Source data —
───

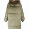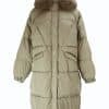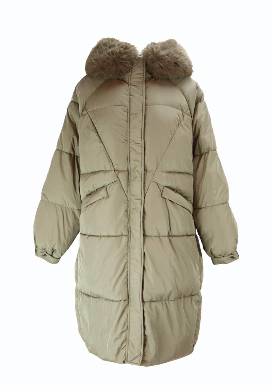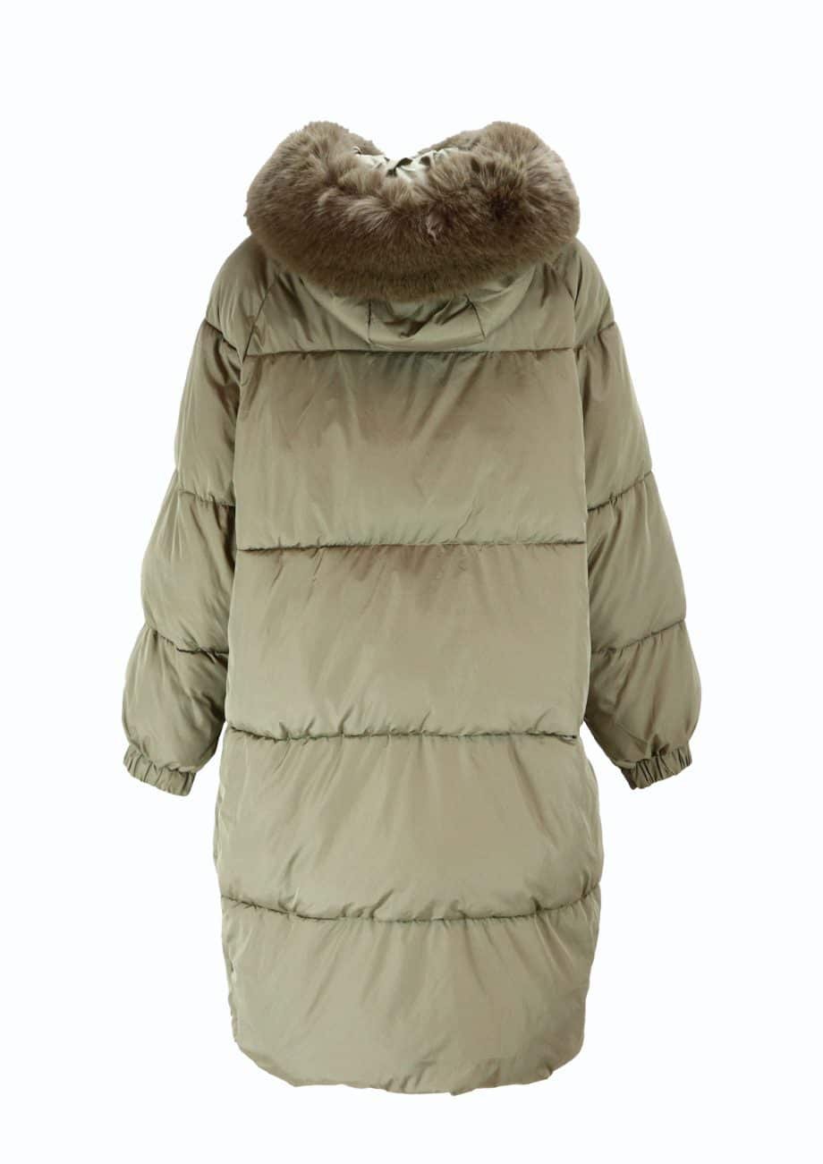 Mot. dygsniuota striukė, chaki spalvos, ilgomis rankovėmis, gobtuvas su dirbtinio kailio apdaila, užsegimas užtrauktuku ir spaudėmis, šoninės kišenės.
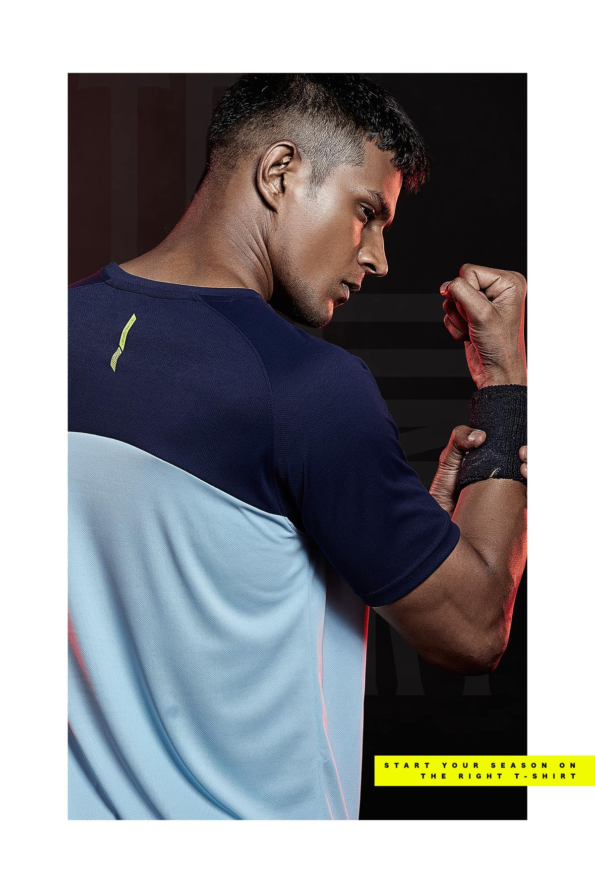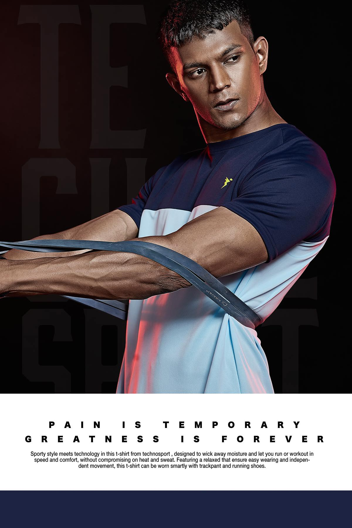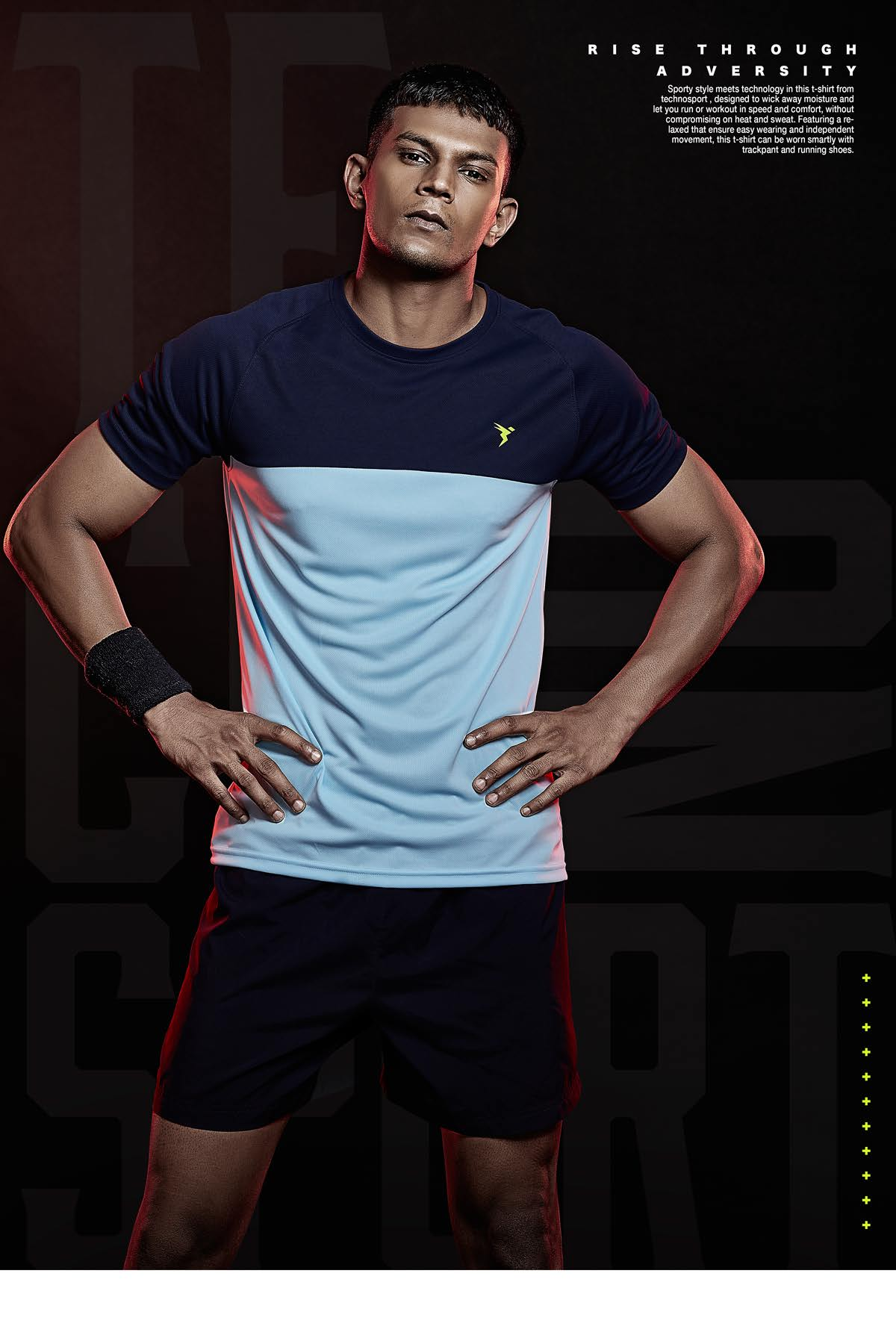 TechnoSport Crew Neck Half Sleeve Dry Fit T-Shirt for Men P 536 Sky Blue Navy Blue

───

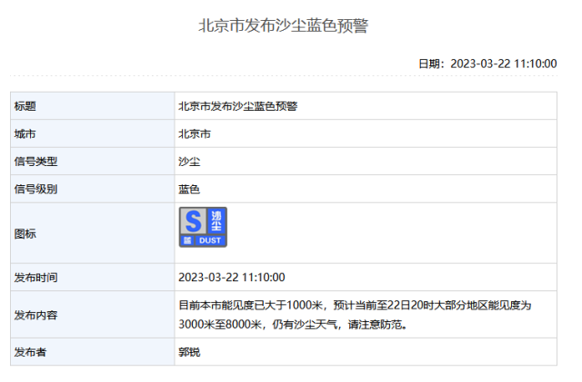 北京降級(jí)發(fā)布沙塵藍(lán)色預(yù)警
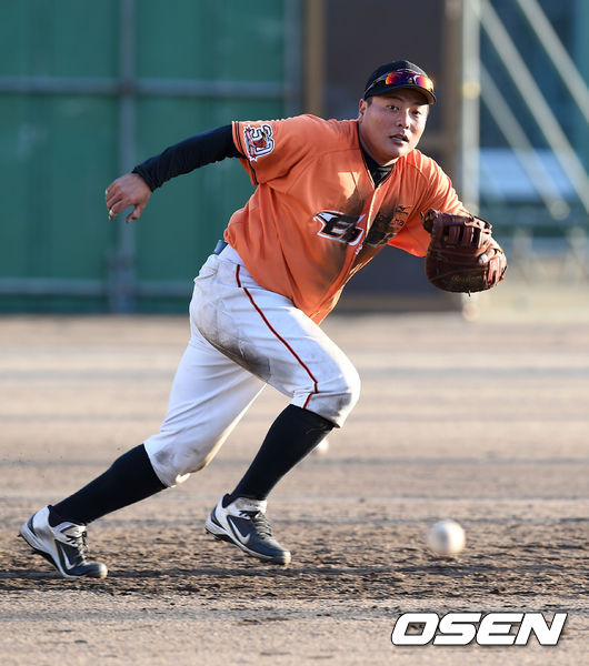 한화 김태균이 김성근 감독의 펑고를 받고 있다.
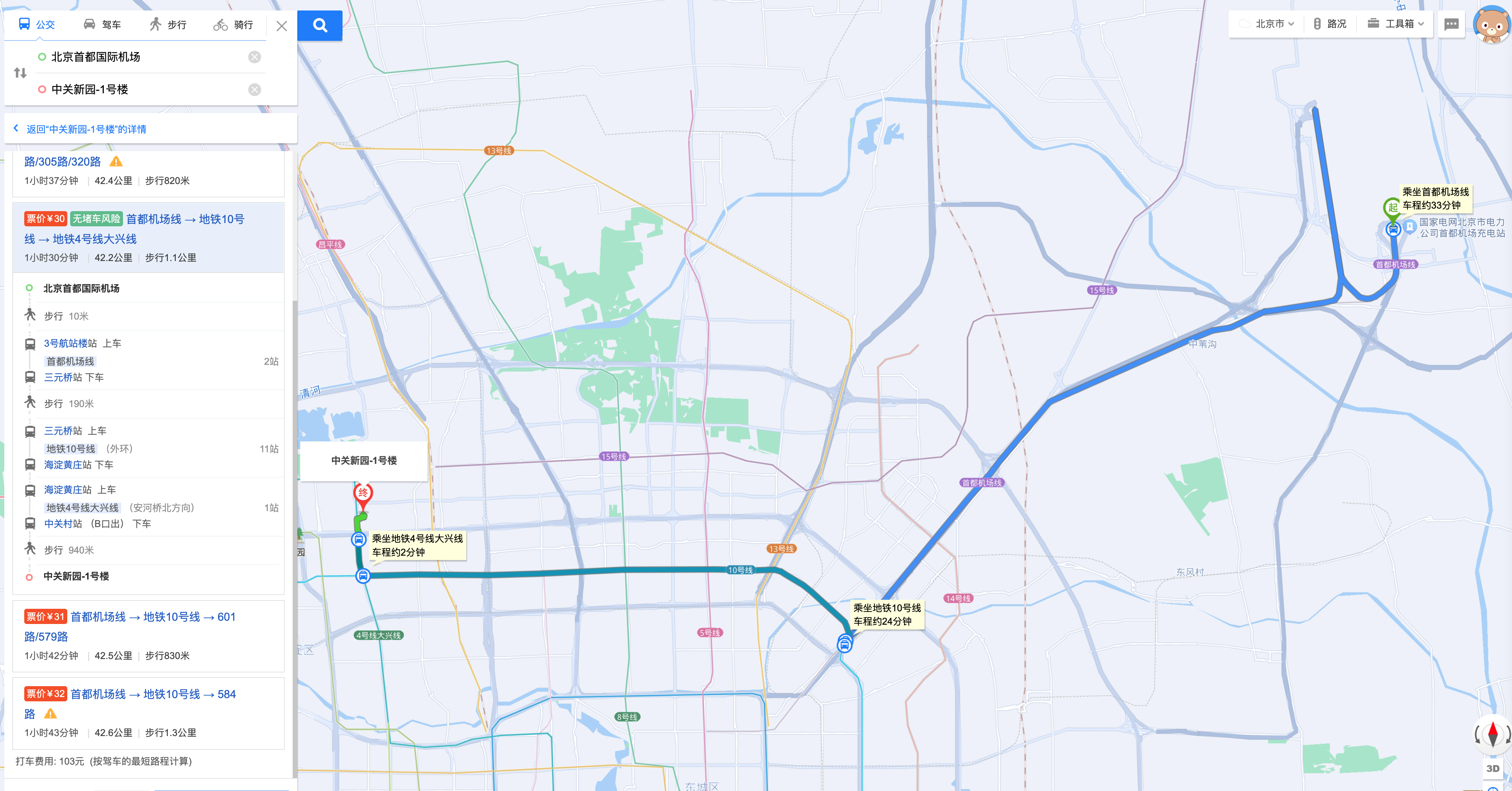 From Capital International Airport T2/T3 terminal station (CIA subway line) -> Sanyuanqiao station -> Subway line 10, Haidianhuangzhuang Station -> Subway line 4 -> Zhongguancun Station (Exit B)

───

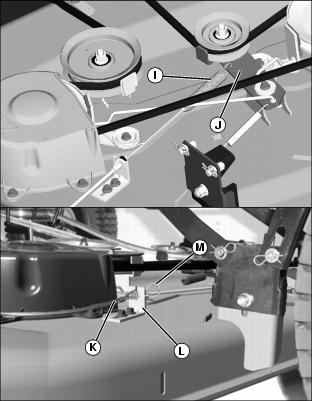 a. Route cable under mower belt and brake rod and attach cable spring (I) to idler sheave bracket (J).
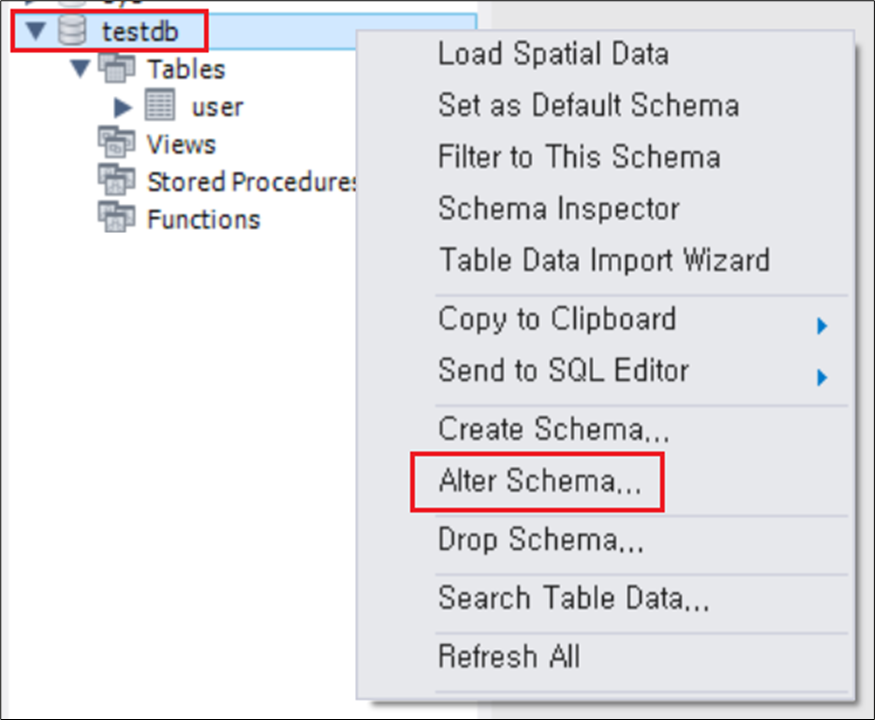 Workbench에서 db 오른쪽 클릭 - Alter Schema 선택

───

Directions —
Above are the records; copy exactly the lines from the one with "Mot. dygsniuota striukė, chaki" through the one with "TechnoSport Crew Neck", including both, and nothing more. Leave out pictures.

Solution to the problem —
 Mot. dygsniuota striukė, chaki spalvos, ilgomis rankovėmis, gobtuvas su dirbtinio kailio apdaila, užsegimas užtrauktuku ir spaudėmis, šoninės kišenės.
 TechnoSport Crew Neck Half Sleeve Dry Fit T-Shirt for Men P 536 Sky Blue Navy Blue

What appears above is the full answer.